(WORK ORDER):
Repeat only the lines between the one with "שרשרת כתר גדול עם חריטה וחמסה קטנה" and the end of the material below, both ends included. Omit any picture.

(SOURCE DATA):

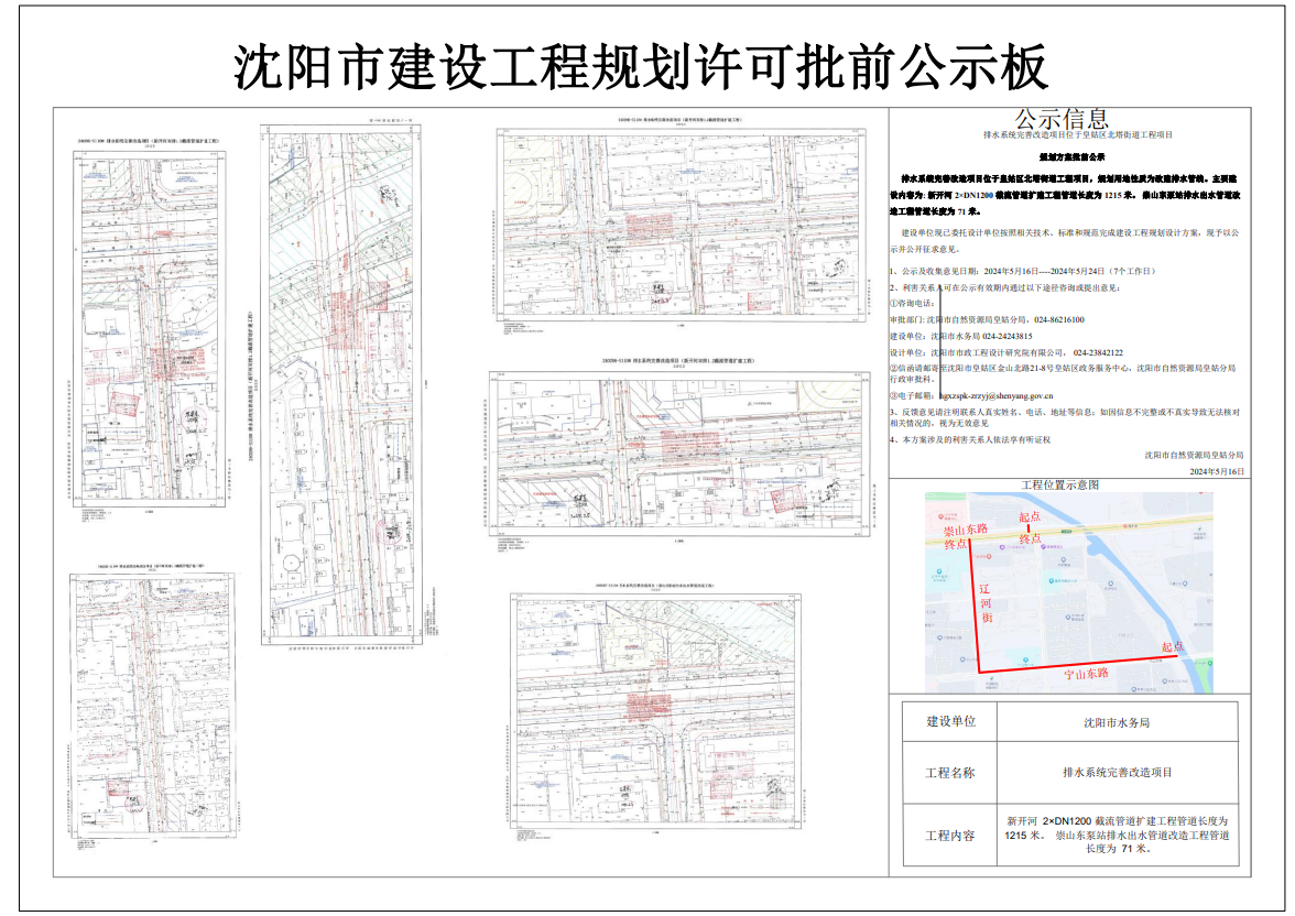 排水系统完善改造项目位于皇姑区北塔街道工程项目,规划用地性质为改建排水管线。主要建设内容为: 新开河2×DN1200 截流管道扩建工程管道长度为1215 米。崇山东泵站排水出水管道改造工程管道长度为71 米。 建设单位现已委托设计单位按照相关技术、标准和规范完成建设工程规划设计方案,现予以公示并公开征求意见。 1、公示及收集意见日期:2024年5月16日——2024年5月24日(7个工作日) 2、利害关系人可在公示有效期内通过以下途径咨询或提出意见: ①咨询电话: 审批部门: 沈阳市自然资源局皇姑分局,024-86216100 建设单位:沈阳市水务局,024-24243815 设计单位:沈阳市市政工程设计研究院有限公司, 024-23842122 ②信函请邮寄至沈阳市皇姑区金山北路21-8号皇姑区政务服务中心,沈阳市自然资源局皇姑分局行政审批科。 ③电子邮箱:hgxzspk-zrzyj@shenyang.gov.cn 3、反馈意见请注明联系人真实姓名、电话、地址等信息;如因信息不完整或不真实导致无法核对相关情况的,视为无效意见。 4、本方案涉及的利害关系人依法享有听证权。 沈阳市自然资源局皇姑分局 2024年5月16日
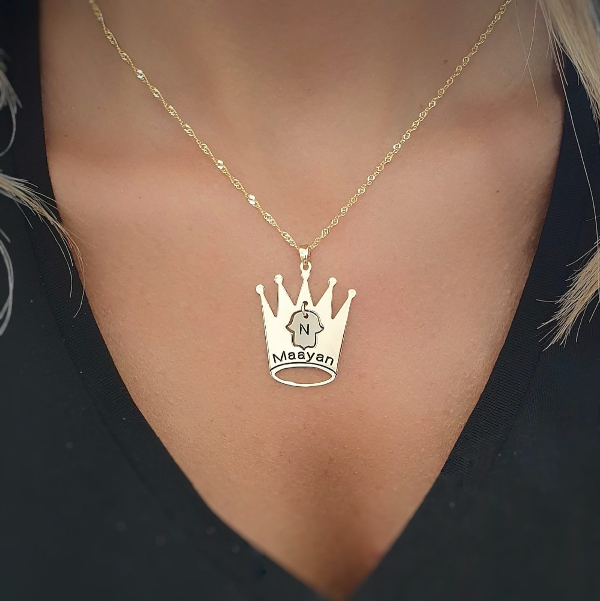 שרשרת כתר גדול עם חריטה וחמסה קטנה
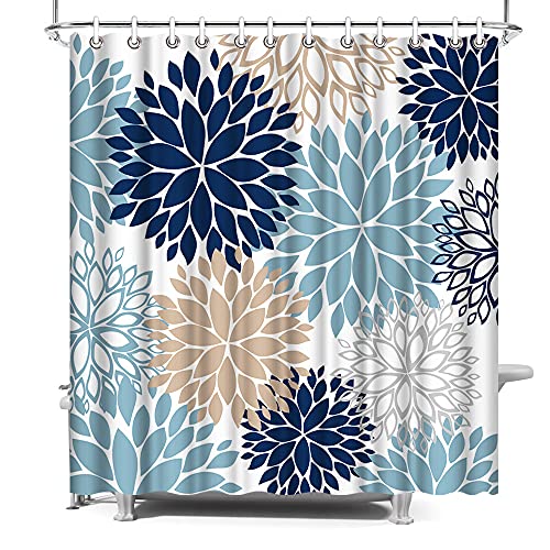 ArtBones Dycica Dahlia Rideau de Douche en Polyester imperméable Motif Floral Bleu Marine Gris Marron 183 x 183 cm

(RESULT FOR THIS EXERCISE):
 שרשרת כתר גדול עם חריטה וחמסה קטנה
 ArtBones Dycica Dahlia Rideau de Douche en Polyester imperméable Motif Floral Bleu Marine Gris Marron 183 x 183 cm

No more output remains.